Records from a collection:
----------------------------------------

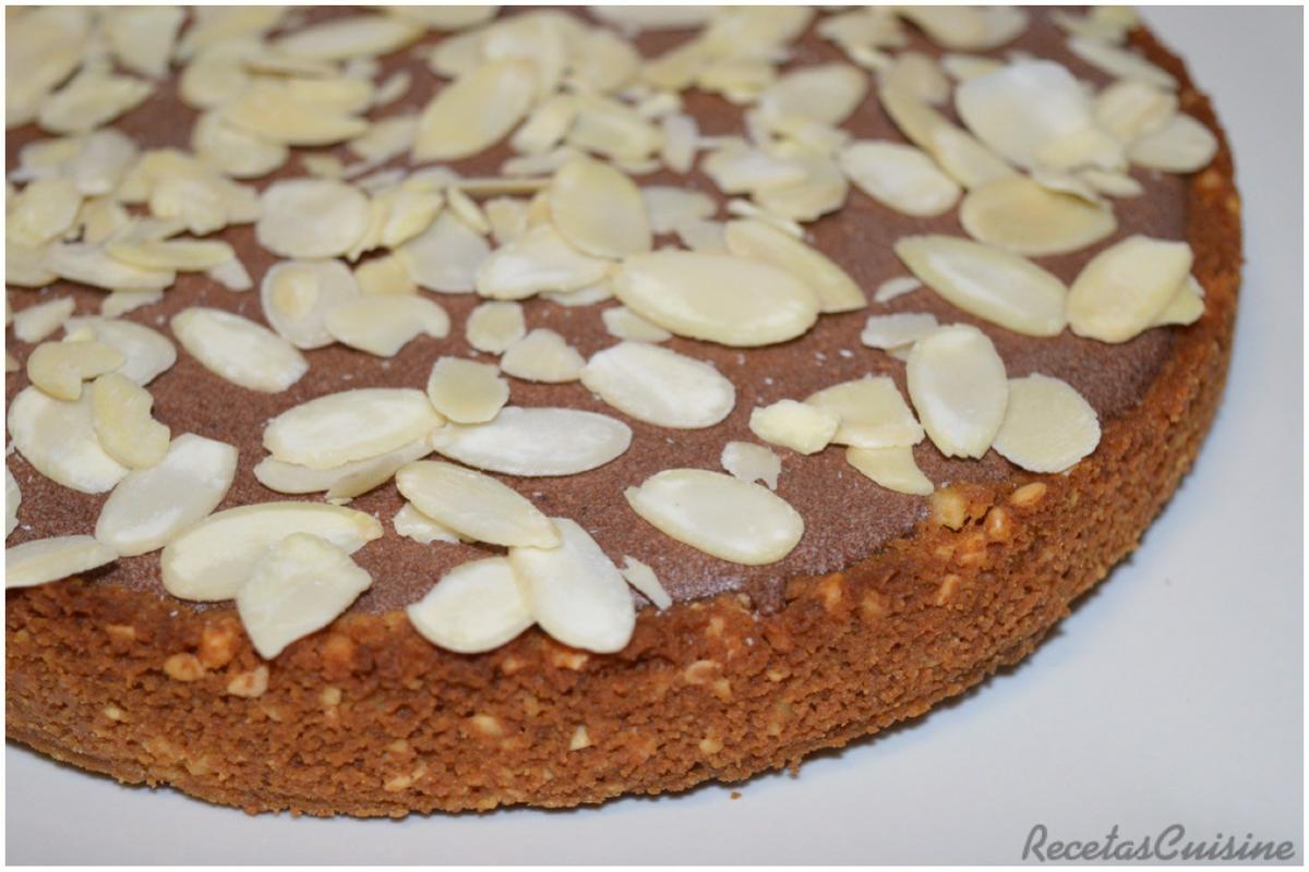 12. Cuando vayamos a servir la tarta, desmoldamos con cuidado, si hace falta pasamos el filo de un cuchillo para despegar la base de galleta de la pared del molde, y repartimos almendra fileteada por toda la superficie.
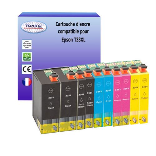 10 cartouches d'encre compatibles pour Epson XP635, XP640, XP645 remplace Epson T33XL (33XL)- T3AZUR
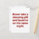 Never Take A Sleeping Pill And Laxative On The Sam Postcard
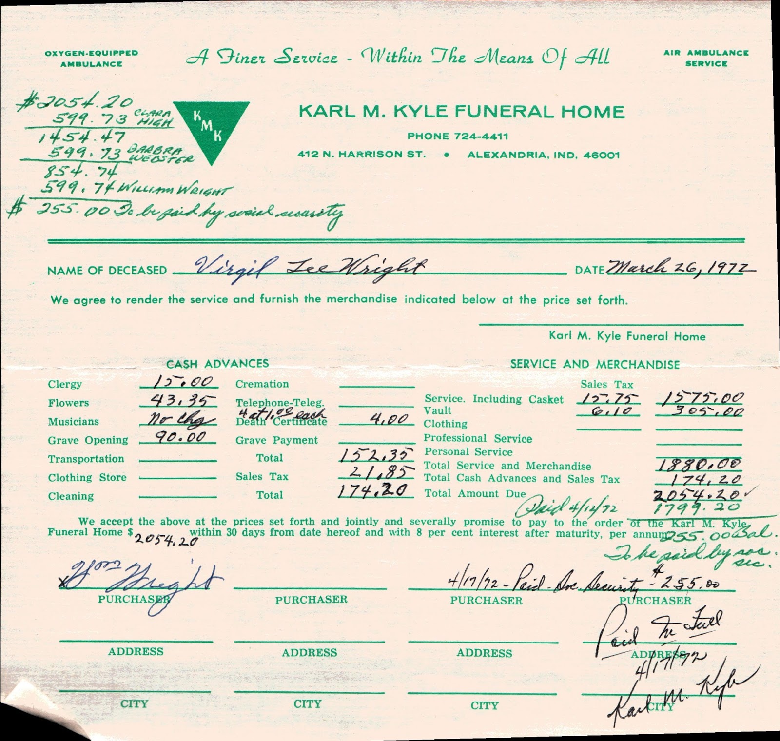 Funeral Home Receipt
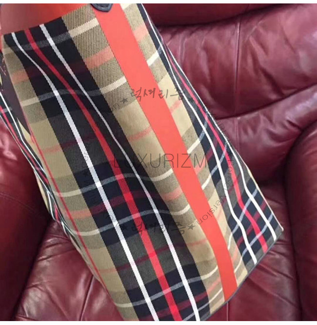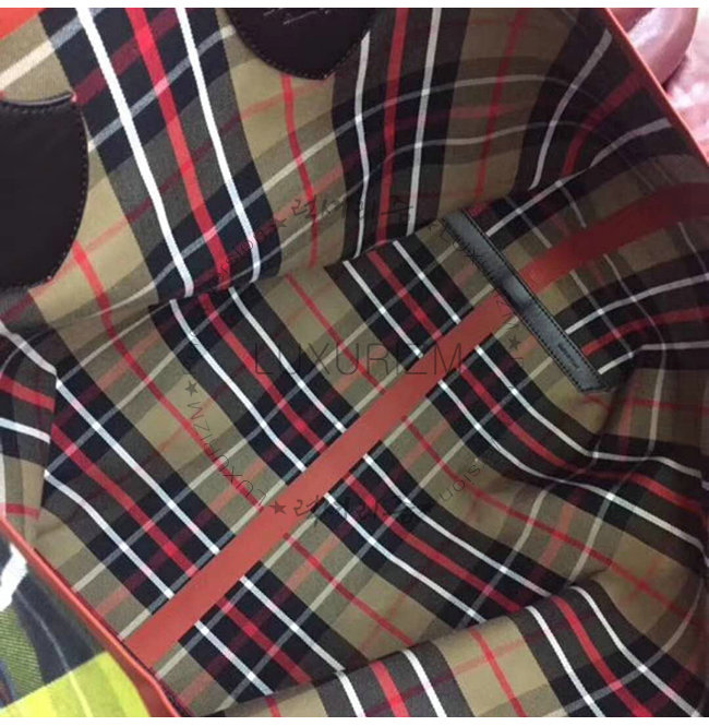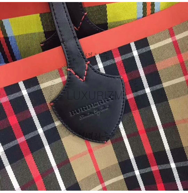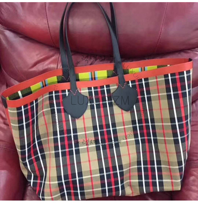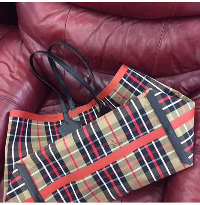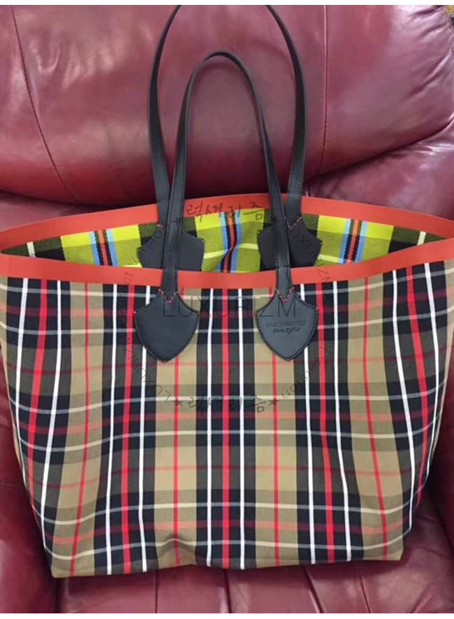 [스페셜오더]BURBERRY-40700531 버버리 자이언트 타탄 코튼 바이브런트 레드 블랙 라지 리버시블 토트 백
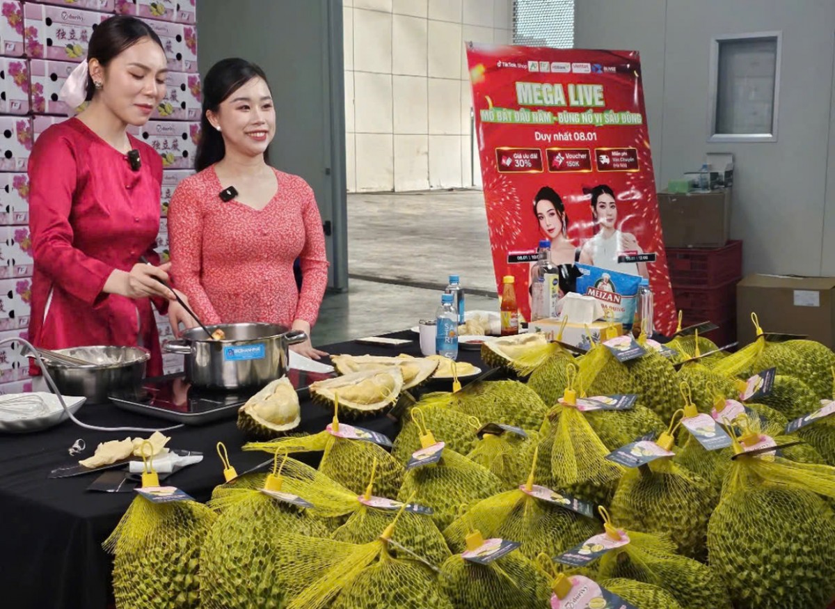 | Phiên Megalive sản phẩm sầu riêng cấp đông đạt tiêu chuẩn OCOP 5 sao tại nhà máy 1 của doanh nghiệp Chánh Thu, xã Hòa Nghĩa, huyện Chợ Lách. Ảnh: T.T |
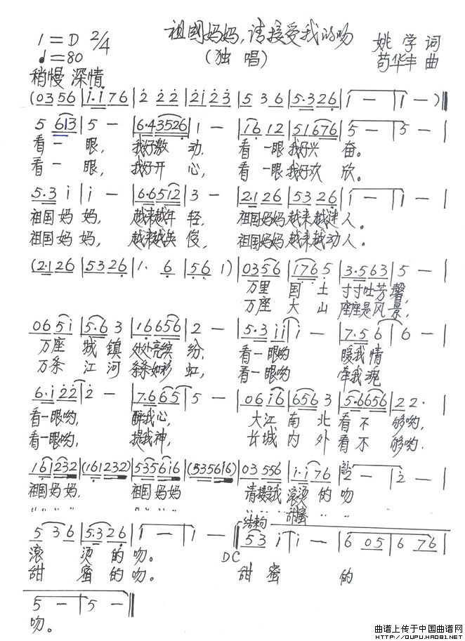 关于《祖国妈妈,请接受我的吻》曲谱的评论
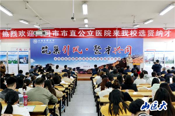 为进一步加强校地合作,深入开展2023年“书记校长访企拓岗促就业”专项行动,5月5日下午,我校在迎泽校区举办“筑巢引凤·聚才兴同”大同市校园招聘专场宣介活动。校党委副书记彭月兰,校党委常委、副校长刘春出席会议。大同市委组织部副部长郑天杰,大同市卫健委党组书记、主任纪青,大同市卫健委党组成员、副主任张晓琼,大同市第一人民医院党委书记、院长闫莉,大同市第二人民医院工作组组长杨波,大同市第三人民医院院长张宝成,大同市第四人民医院党委书记徐占有,大同市第五人民医院院长张强世,大同市中医医院党总支书记、院长姜世瑞等领导出席会议。校党委人才工作部、教务部、医院管理部、研究生学院、毕业生就业指导中心等相关部门负责人及200余名2023届应届毕业生参加会议。会议由毕业生就业指导中心主任郭建锴主持。

----------------------------------------

TASK DETAILS: The answer should contain nothing but the lines from the top of the data above through the line containing "Funeral Home Receipt", copied exactly, with no images.

TASK ANSWER:
 12. Cuando vayamos a servir la tarta, desmoldamos con cuidado, si hace falta pasamos el filo de un cuchillo para despegar la base de galleta de la pared del molde, y repartimos almendra fileteada por toda la superficie.
 10 cartouches d'encre compatibles pour Epson XP635, XP640, XP645 remplace Epson T33XL (33XL)- T3AZUR
 Never Take A Sleeping Pill And Laxative On The Sam Postcard
 Funeral Home Receipt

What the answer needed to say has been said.